Source records
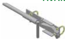
BARREL BOLT LATCH WITH STRYKER PLATE FOR SQUARE AND ROUND POSTS
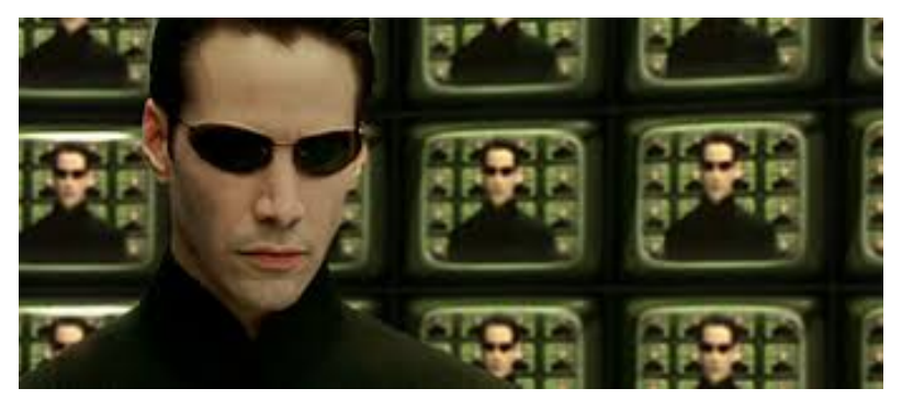
The Matrix (1999)
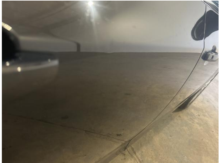
4: Door osr Dented 2 Or Less UpTo 10mm
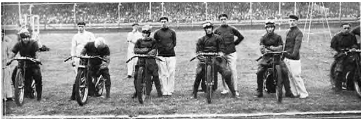
THE AUSTRALIAN TEAM AT THE FIRST OFFICIAL TEST MATCH AT WIMBLEDON ON MONDAY, JUNE 30, 1930.
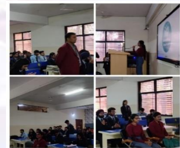
Dept. of Commerce & Management - B organized an Alumni Interaction Session
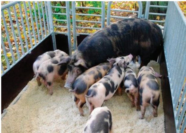
Figure 2. Lietuvos vietinė sow with piglets.
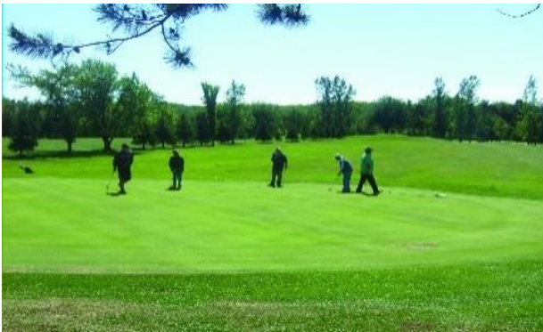
Proctor Golf Course
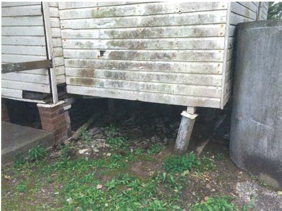
Section of Dilapidated Footings and External Lining
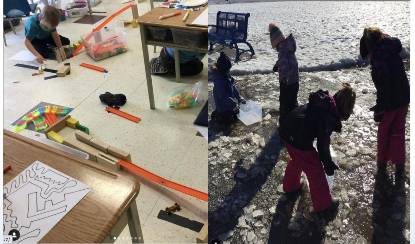
COVID Restrictions – Creating And Problem Solving From A Distance; Maximizing Use Of Time Outside
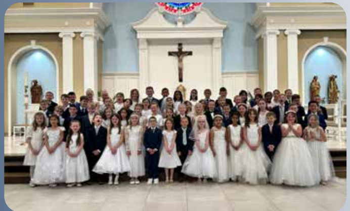
First Holy Communion - St. James School 2nd Grade Class
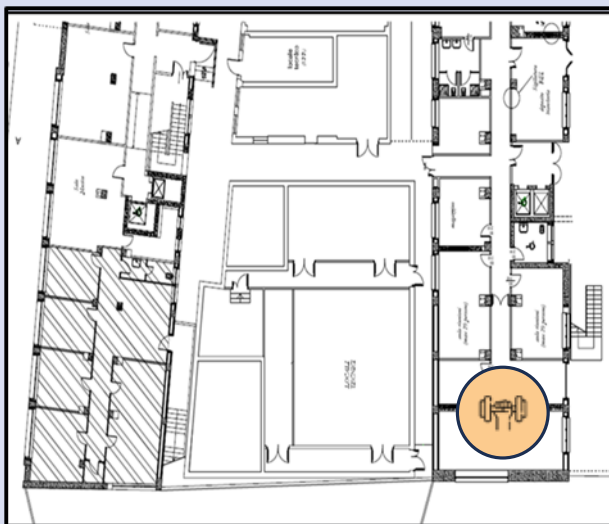
basement - south side
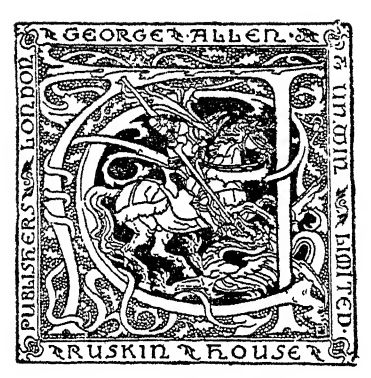
GEORGE ALLEN & UNWIN LTD LONDON. 40 MUSEUM STREET, W.C. 1 CAPF TOWN 73 ST. GEORGE'S STREET SYDNEY, N.S.W.: WYNYARD SQUARE AUCKLAND, N.Z.: 41 ALBERT STREET TORONTO 77 WELLINGTON STREET, WEST
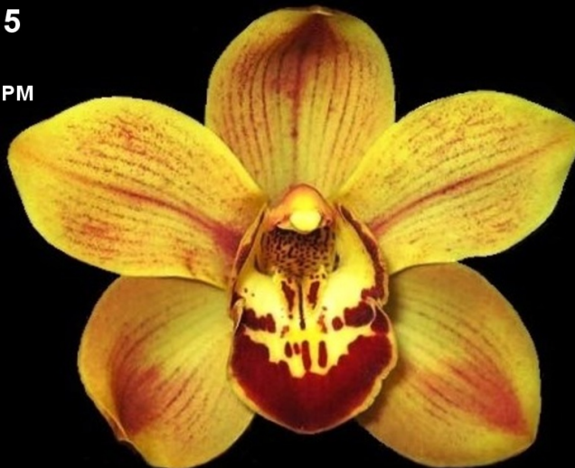
Cym. Tower of Fire 'Flambe'

San Mateo Garden Center 605 Parkside Way San Mateo, CA 94403
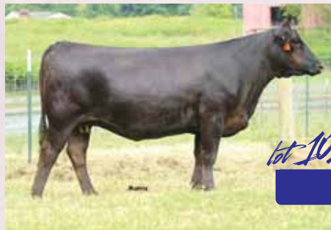
CJLM Destined 155Y
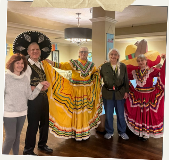
Mariachi Dancers Cinco De Mayo
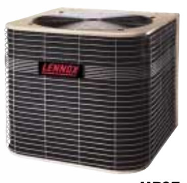
HP27 HEAT PUMP

We're proud of the fact that the HP27 heat pump has earned ENERGY STAR® qualification, which means it meets the EPA's standards for energy efficiency. This translates to year-round comfort and energy savings.
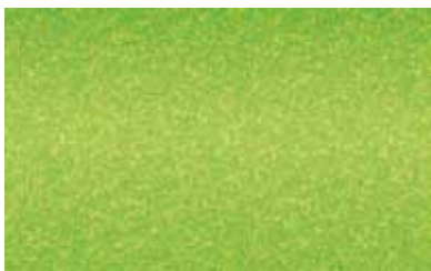
Grasshoper Green (127P)

Note: All colors are not available on every wheelchair. Please see specific order forms for exact color offering.

## PROBLEM REQUIREMENTS
Repeat word for word the lines beginning at the one with "4: Door osr Dented 2 Or Less UpTo 10mm" and ending at the final line of the records above, both included, and no others. Leave the pictures out.

## ANSWER TO THIS PROBLEM
4: Door osr Dented 2 Or Less UpTo 10mm
THE AUSTRALIAN TEAM AT THE FIRST OFFICIAL TEST MATCH AT WIMBLEDON ON MONDAY, JUNE 30, 1930.
Dept. of Commerce & Management - B organized an Alumni Interaction Session
Figure 2. Lietuvos vietinė sow with piglets.
Proctor Golf Course
Section of Dilapidated Footings and External Lining
COVID Restrictions – Creating And Problem Solving From A Distance; Maximizing Use Of Time Outside
First Holy Communion - St. James School 2nd Grade Class
basement - south side
GEORGE ALLEN & UNWIN LTD LONDON. 40 MUSEUM STREET, W.C. 1 CAPF TOWN 73 ST. GEORGE'S STREET SYDNEY, N.S.W.: WYNYARD SQUARE AUCKLAND, N.Z.: 41 ALBERT STREET TORONTO 77 WELLINGTON STREET, WEST
Cym. Tower of Fire 'Flambe'

San Mateo Garden Center 605 Parkside Way San Mateo, CA 94403
CJLM Destined 155Y
Mariachi Dancers Cinco De Mayo
HP27 HEAT PUMP

We're proud of the fact that the HP27 heat pump has earned ENERGY STAR® qualification, which means it meets the EPA's standards for energy efficiency. This translates to year-round comfort and energy savings.
Grasshoper Green (127P)

Note: All colors are not available on every wheelchair. Please see specific order forms for exact color offering.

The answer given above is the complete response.